By Randy Blankstein
Cap rates in the fourth quarter of 2016 for the single-tenant net lease sector increased or remained the same for all three asset classes: retail, office and industrial. Retail cap rates experienced their first increase since the third quarter of 2013 to 6.19 percent cap rate. The 9-basis-point increase is the largest increase in retail cap rates since the second quarter of 2011. Cap rates for the office sector remained unchanged at 7.08 percent, while industrial sector cap rates increased by 3 basis points to 7.17 percent.

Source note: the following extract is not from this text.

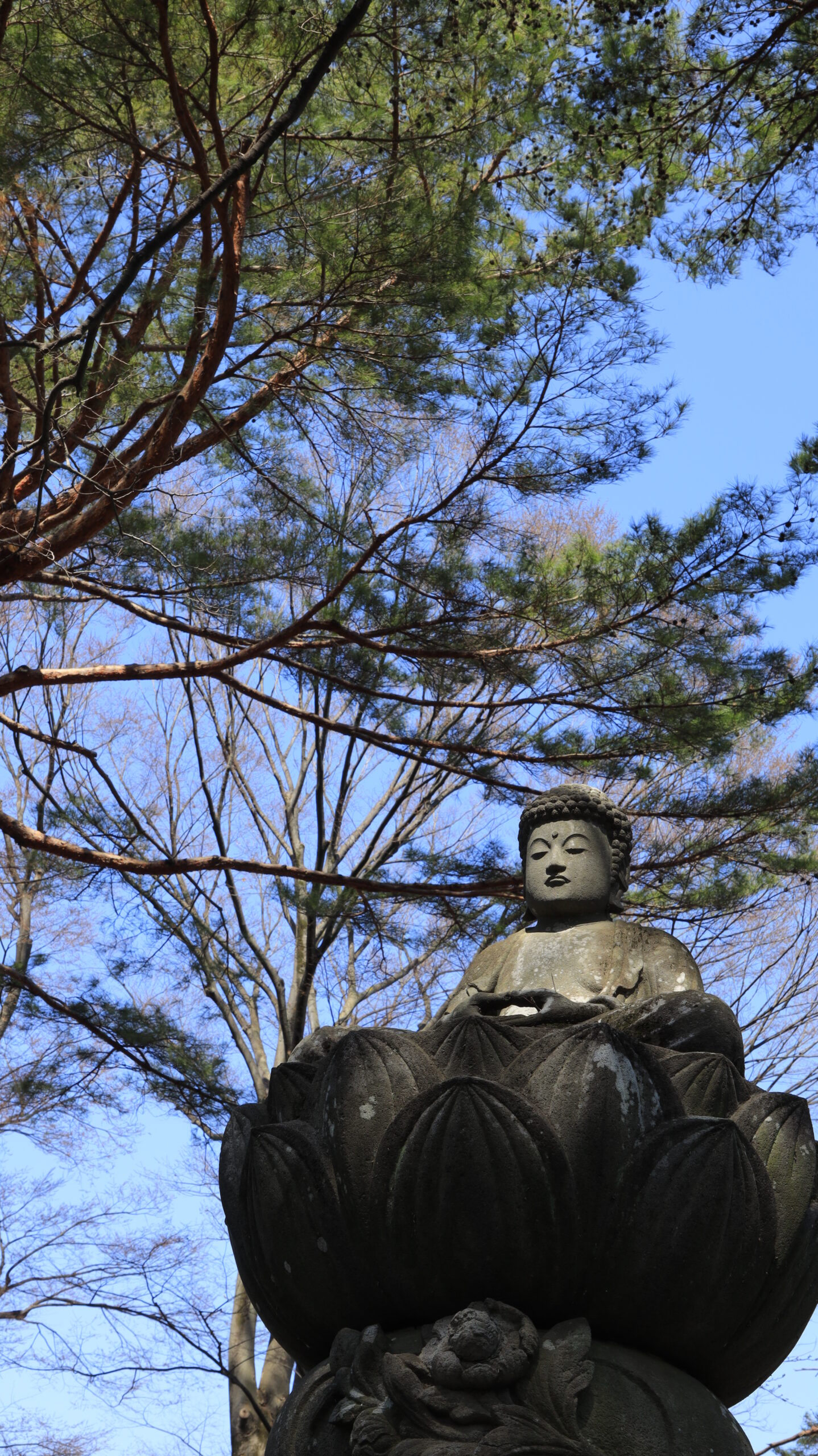 This photo was taken at the Five Hundred Arhats in Kita-in Temple, a combination of a Buddha statue and a pine tree.

The main factor driving the increase in cap rates for the retail sector can be attributed to the rise in treasury rates during the fourth quarter on 2016. During the last three months of the year, the 10 Year Treasury Yield increased significantly to 2.45, up from 1.62 at the start of the quarter. Net lease participants were careful to monitor the effect of the rising treasury rates for net lease valuations. During the fourth quarter, the spread between asking and closed cap rates for retail properties increased by 5 basis points. This was the largest spread between asking and closed cap rates for retail properties since the fourth quarter of 2013. The spread between asking and closed cap rates for all three sectors ranged between 31 and 32 basis points.

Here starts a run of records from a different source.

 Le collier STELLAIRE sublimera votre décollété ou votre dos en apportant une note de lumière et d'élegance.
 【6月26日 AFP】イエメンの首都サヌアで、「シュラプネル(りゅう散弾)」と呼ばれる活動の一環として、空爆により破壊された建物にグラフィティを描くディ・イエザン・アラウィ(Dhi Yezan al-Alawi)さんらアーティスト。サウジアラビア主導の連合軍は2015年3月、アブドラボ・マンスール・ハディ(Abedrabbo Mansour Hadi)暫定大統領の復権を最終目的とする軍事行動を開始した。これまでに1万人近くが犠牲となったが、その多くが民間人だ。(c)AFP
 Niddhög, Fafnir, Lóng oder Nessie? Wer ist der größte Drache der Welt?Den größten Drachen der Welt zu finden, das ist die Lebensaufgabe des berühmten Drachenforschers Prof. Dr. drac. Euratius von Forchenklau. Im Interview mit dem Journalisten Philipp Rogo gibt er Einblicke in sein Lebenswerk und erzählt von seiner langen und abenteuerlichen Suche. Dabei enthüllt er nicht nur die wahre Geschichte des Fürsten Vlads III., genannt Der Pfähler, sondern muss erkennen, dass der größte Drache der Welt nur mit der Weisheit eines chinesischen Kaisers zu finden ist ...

The net lease market is expected to remain active in 2017 as investor demand for this asset class stays strong. The expectation is that there will likely be upward movement in cap rates going forward. In a recent national survey conducted by The Boulder Group, the vast majority of active net lease participants expect cap rates to rise in 2017. The largest segment of net lease participants expect cap rates to increase between 25 and 49 basis points by the end of 2017. After the decision to increase rates at the December 13-14 meeting of the Federal Open Market Committee, investors will carefully monitor the capital markets and their effect on pricing.